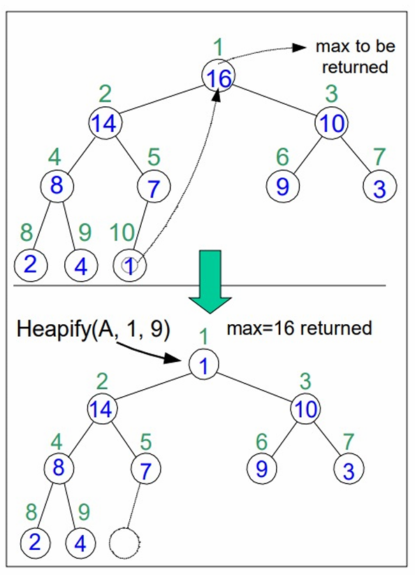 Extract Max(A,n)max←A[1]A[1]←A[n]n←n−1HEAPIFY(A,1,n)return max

------------------------------

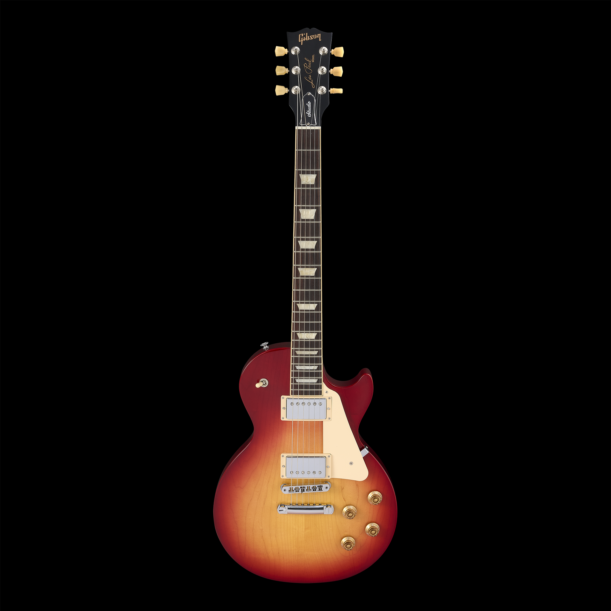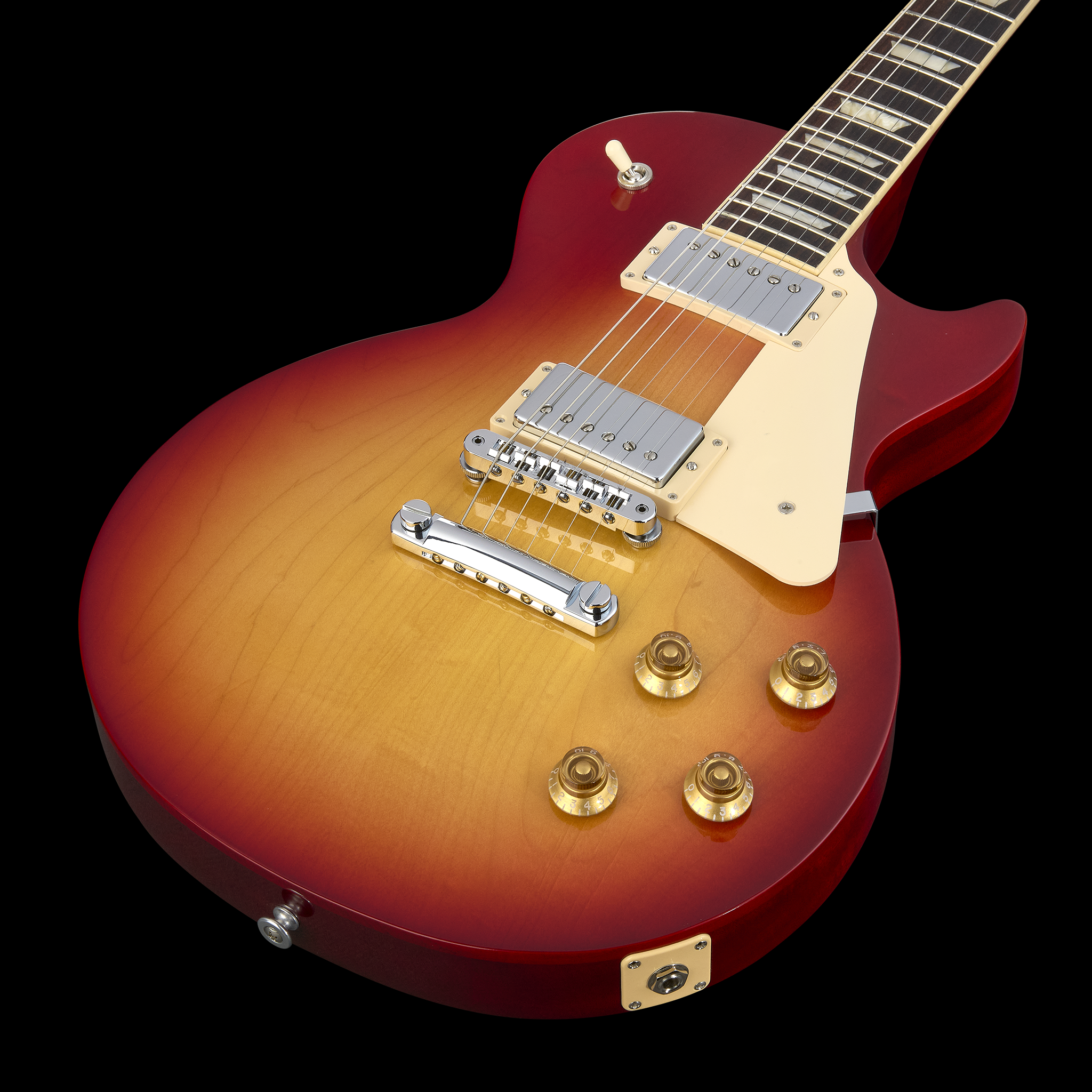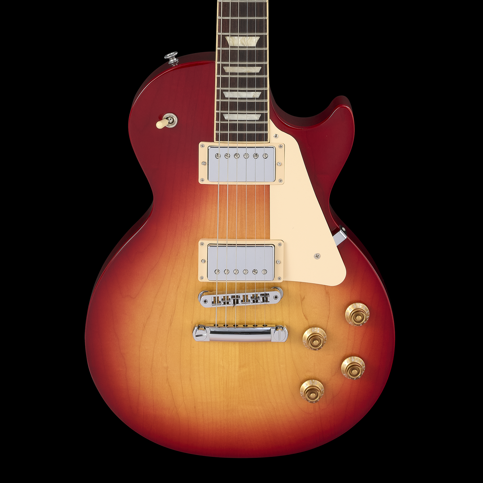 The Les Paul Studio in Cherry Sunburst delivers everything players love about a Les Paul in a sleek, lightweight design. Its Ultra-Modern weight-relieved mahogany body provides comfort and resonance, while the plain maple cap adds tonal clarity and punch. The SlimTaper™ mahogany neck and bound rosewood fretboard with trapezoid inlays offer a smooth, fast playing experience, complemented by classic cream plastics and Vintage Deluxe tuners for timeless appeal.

------------------------------

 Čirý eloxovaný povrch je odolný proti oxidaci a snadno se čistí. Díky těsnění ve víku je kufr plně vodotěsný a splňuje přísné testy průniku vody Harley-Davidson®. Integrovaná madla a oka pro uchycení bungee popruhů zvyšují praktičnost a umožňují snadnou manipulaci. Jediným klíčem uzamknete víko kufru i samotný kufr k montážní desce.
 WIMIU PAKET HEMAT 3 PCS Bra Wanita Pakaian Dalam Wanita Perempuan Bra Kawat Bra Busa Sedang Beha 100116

------------------------------

== What this task involves ==
Reproduce, word for word and in full, only the lines above that start at the line with "Čirý eloxovaný povrch" and run through the line with "WIMIU PAKET HEMAT", both ends included.

== Written solution ==
 Čirý eloxovaný povrch je odolný proti oxidaci a snadno se čistí. Díky těsnění ve víku je kufr plně vodotěsný a splňuje přísné testy průniku vody Harley-Davidson®. Integrovaná madla a oka pro uchycení bungee popruhů zvyšují praktičnost a umožňují snadnou manipulaci. Jediným klíčem uzamknete víko kufru i samotný kufr k montážní desce.
 WIMIU PAKET HEMAT 3 PCS Bra Wanita Pakaian Dalam Wanita Perempuan Bra Kawat Bra Busa Sedang Beha 100116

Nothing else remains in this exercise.